The rebel beside him, with long braids hanging from the back of her ski mask, puts her head down on the wobbly wood table and takes a nap.

"We don't know more," says the third in the group, speaking languidly. "What we know, we don't say," corrects the first. "There is a new direction, yes," the third posits, changing his gambit. "There might be a communiqué about this," the first sums up. As they walk outside, they peel off their masks.
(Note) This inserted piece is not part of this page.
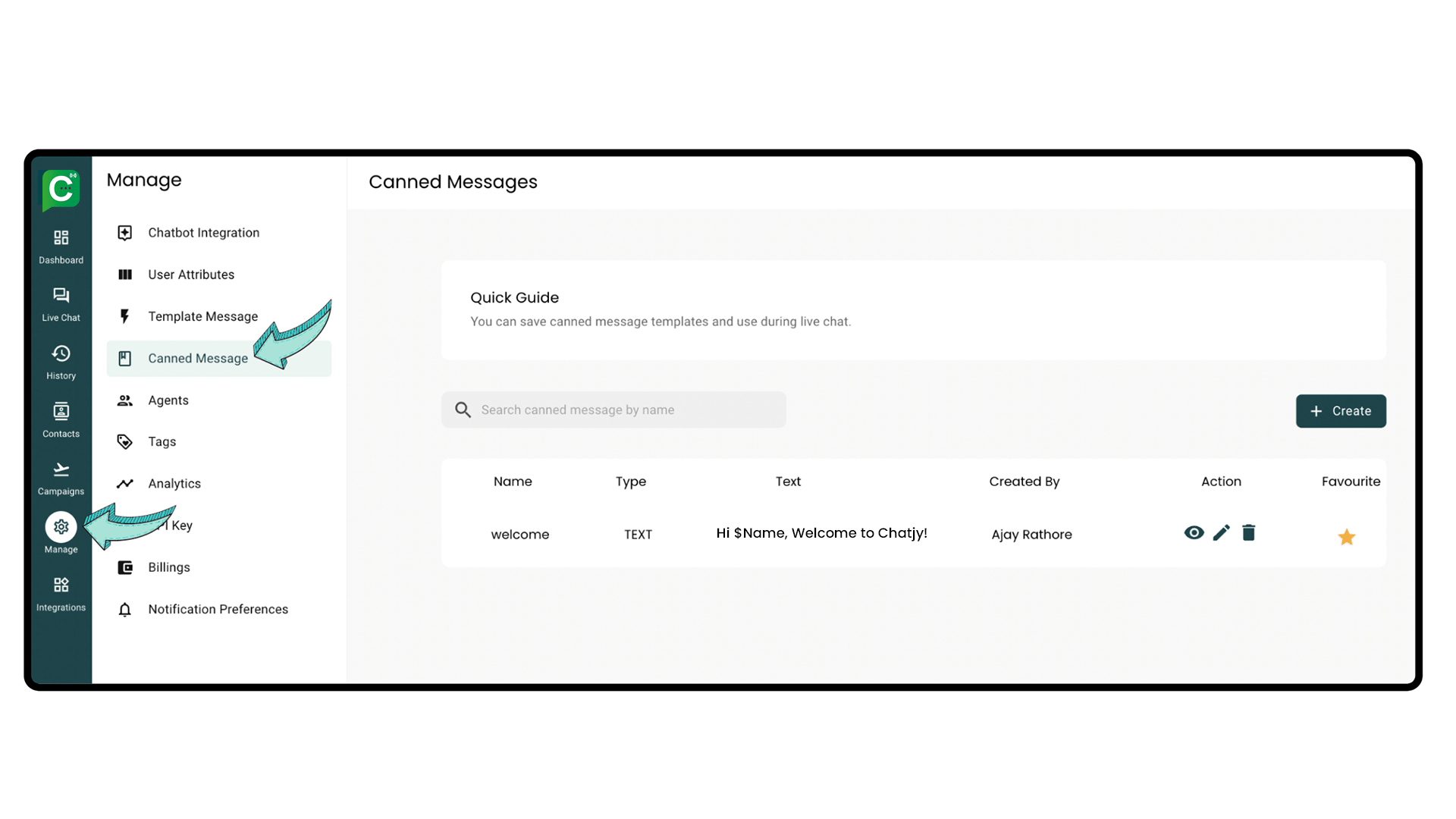 Canned Messages can be found in the Manage Section, as shown in the image to the left.

It's all a far cry from the heroic beginnings in 1994, when the mostly Mayan Zapatistas emerged on New Year's Day, fighting against capitalism on the first day that NAFTA came into effect. They were confronted by government troops and an estimated 145 rebels, soldiers, and civilians were killed, before a cease-fire was signed. But the truce was an uneasy one, with the Zapatistas remaining armed and the government stationing some 100 camps around the rebel territory.
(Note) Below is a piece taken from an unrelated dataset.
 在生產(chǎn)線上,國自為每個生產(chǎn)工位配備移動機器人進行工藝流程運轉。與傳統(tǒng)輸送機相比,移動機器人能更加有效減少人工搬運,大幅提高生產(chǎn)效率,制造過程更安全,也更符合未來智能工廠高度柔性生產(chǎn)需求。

During the ensuing years, the Zapatistas were credited with putting native rights on the national political agenda and embarrassing the government into improving infrastructure, healthcare, and education in the region. But Chiapas, and the villages under their control, continued to languish in the same abject poverty Marcos had pledged to fight. The movement faded from the stage.

Then, suddenly, on June 19, the Zapatista National Liberation Army (EZLN) declared a "red alert" - recalling its top commanders to hold high-level discussions in the jungle; shutting down the five strongholds they have established in Chiapas, including Oventic; calling on Zapatista troops and sympathizers to go into hiding; and warning outsiders to stay in rebel territory "at their own risk." Major newspapers in Mexico City speculated that the Zapatistas were preparing a new armed offensive, coinciding with the unofficial start of the race for the 2006 presidential elections.

After four weeks of silence, Marcos sent word from his jungle hideout to end the red alert. The announcements that followed, however, did little to shed light on what was going on.

In one statement the rebel leader announced a move toward politics and away from armed conflict. In the next communiqué, Marcos boasted that the Zapatistas had completed a military reorganization begun in 2002 and that "we have the capacity to survive ... any attack or enemy action that tries to stop our leadership or totally annihilate us."

Later, in a rambling missive on the Internet, Marcos called for a peaceful nationwide leftist civil movement and said the rebels would send a delegation across the country to unite leftist workers, advocates, and students, and push for a new constitution to "defend the weak."

Finally, the latest communiqué, released last week, announced that the rebels had designated a new mascot: a chicken named "Penguin." "Penguin has become part of the General Command of the Zapatista army," wrote Marcos. "We are all like Penguin, forcing ourselves to rise up and make our way in Mexico, in Latin America and the world."